Generating Adversarial Examples with Task Oriented Multi-Objective Optimization

  • Anh Tuan Bui
  • Trung Le
  • He Zhao
  • Quan Hung Tran
  • Paul Montague
  • Dinh Phung

Deep learning models, even the-state-of-the-art ones, are highly vulnerable to adversarial examples. Adversarial training is one of the most efficient methods to improve the model's robustness. The key factor for the success of adversarial training is the capability to generate qualified and divergent adversarial examples which satisfy some objectives/goals (e.g., finding adversarial examples that maximize the model losses for simultaneously attacking multiple models).
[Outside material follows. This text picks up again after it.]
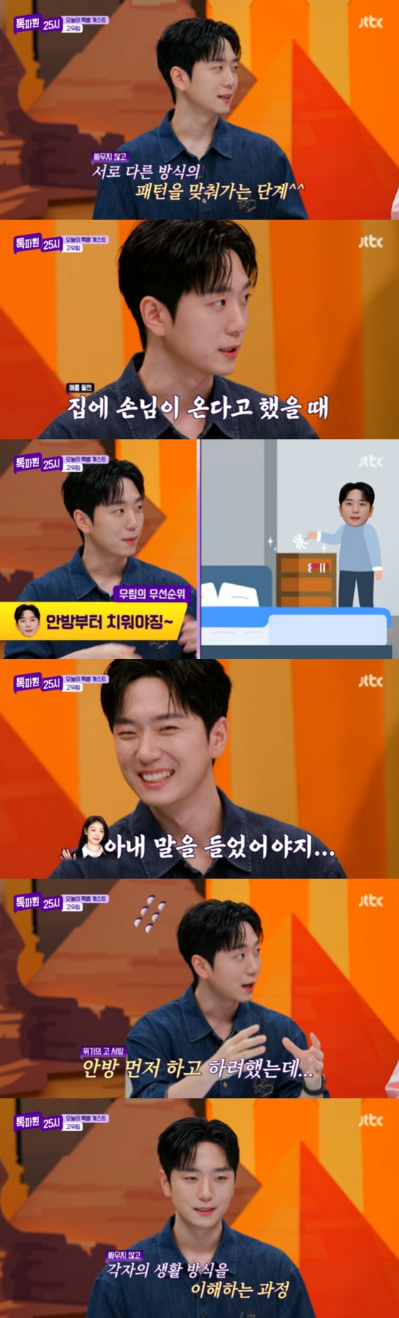 고우림은 "남편과 아내의 사소한 집안에서의 패턴에 대한 문제를 겪긴 해도 싸운 적은 없다. 예를 들어 이런 거다. 손님이 온다고 했을 때 아내는 조금 더 보이는 곳 위주로 청소를 한다면, 저는 안방부터 치우다가 한소리를 듣는 거다"라고 털어놔 웃음을 안겼다.

Therefore, multi-objective optimization (MOO) is a natural tool for adversarial example generation to achieve multiple objectives/goals simultaneously. However, we observe that a naive application of MOO tends to maximize all objectives/goals equally, without caring if an objective/goal has been achieved yet. This leads to useless effort to further improve the goal-achieved tasks, while putting less focus on the goal-unachieved tasks. In this paper, we propose \emph{Task Oriented MOO} to address this issue, in the context where we can explicitly define the goal achievement for a task. Our principle is to only maintain the goal-achieved tasks, while letting the optimizer spend more effort on improving the goal-unachieved tasks. We conduct comprehensive experiments for our Task Oriented MOO on various adversarial example generation schemes. The experimental results firmly demonstrate the merit of our proposed approach.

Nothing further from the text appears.